▶ Problem to solve
Pictures in the data must not be copied, but everything else should be output exactly.

▶ Material for this task
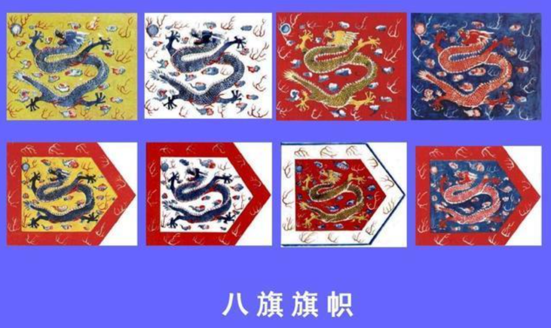 1615年,在打天下创业阶段的努尔哈赤,将自己的部队和人口,为了方便管理,分为八大部分,当时不叫“八大部分”,而叫“八旗”,它们是镶黄旗、正黄旗、正白旗、正红旗、镶白旗、镶红旗、正蓝旗、镶蓝旗,一个八个旗,叫“满清八旗”。
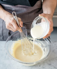 Quando il volume delle uova sarà raddoppiato, versate il latte al cardamomo raffreddato e incorporate il burro ammorbidito; mescolate bene, quindi unite le farine e la fecola setacciate con il lievito, i datteri tagliati a dadini e amalgamate il tutto delicatamente con una spatola, in modo da ottenere un composto ben omogeneo.
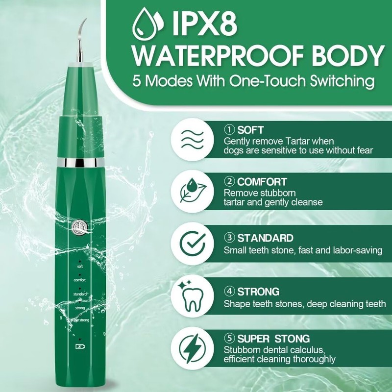 - FULL BODY WASHING + FIVE MODES: IPX8 waterproof for easy rinsing. The dog teeth cleaner features five modes—Soft, Comfort, Standard, Power, and Ultra—with one-touch switching. Use Soft mode initially for best results
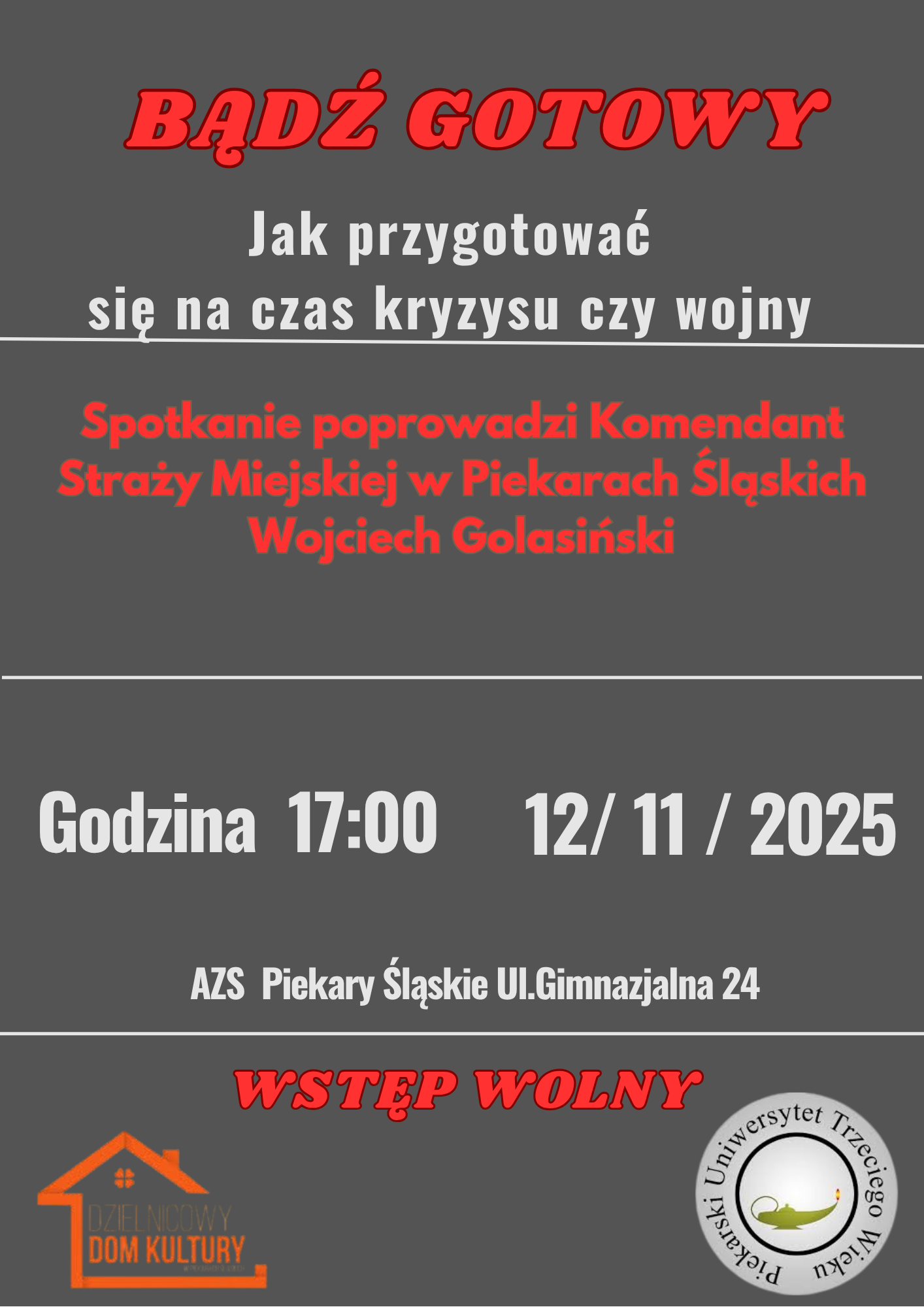 wykładzie w auli AZS. Jego tematyka dotyczyła przygotowania siebie i najbliższych na
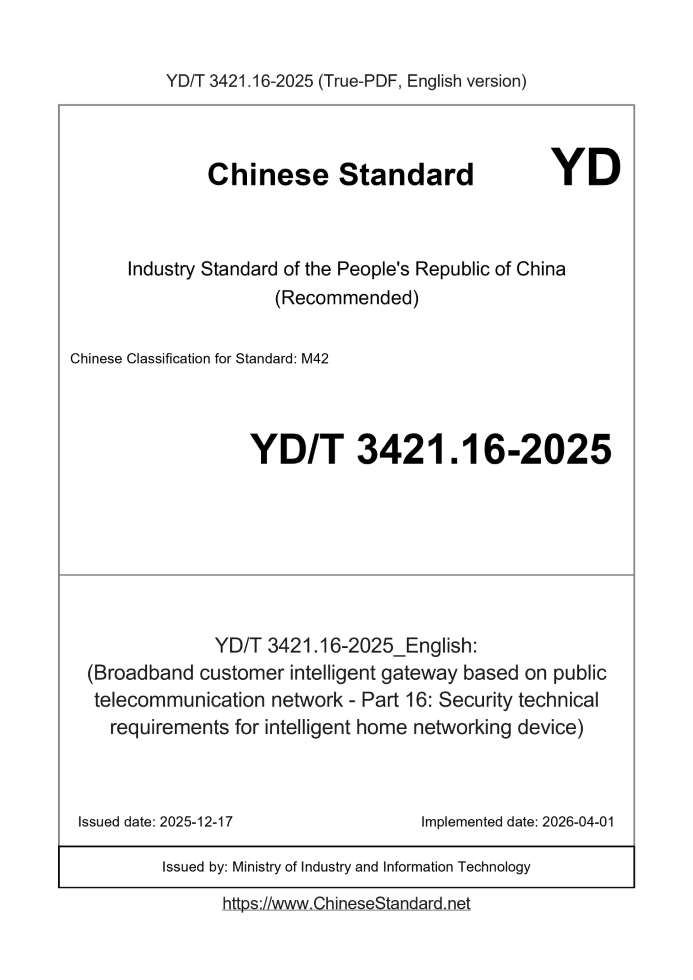 | YD/T 3421.16-2025 | English | RFQ | ASK | 3 days [Need to translate] | (Broadband customer intelligent gateway based on public telecommunication network - Part 16: Security technical requirements for intelligent home networking device) |

▶ Output of the exercise
 1615年,在打天下创业阶段的努尔哈赤,将自己的部队和人口,为了方便管理,分为八大部分,当时不叫“八大部分”,而叫“八旗”,它们是镶黄旗、正黄旗、正白旗、正红旗、镶白旗、镶红旗、正蓝旗、镶蓝旗,一个八个旗,叫“满清八旗”。
 Quando il volume delle uova sarà raddoppiato, versate il latte al cardamomo raffreddato e incorporate il burro ammorbidito; mescolate bene, quindi unite le farine e la fecola setacciate con il lievito, i datteri tagliati a dadini e amalgamate il tutto delicatamente con una spatola, in modo da ottenere un composto ben omogeneo.
 - FULL BODY WASHING + FIVE MODES: IPX8 waterproof for easy rinsing. The dog teeth cleaner features five modes—Soft, Comfort, Standard, Power, and Ultra—with one-touch switching. Use Soft mode initially for best results
 wykładzie w auli AZS. Jego tematyka dotyczyła przygotowania siebie i najbliższych na
 | YD/T 3421.16-2025 | English | RFQ | ASK | 3 days [Need to translate] | (Broadband customer intelligent gateway based on public telecommunication network - Part 16: Security technical requirements for intelligent home networking device) |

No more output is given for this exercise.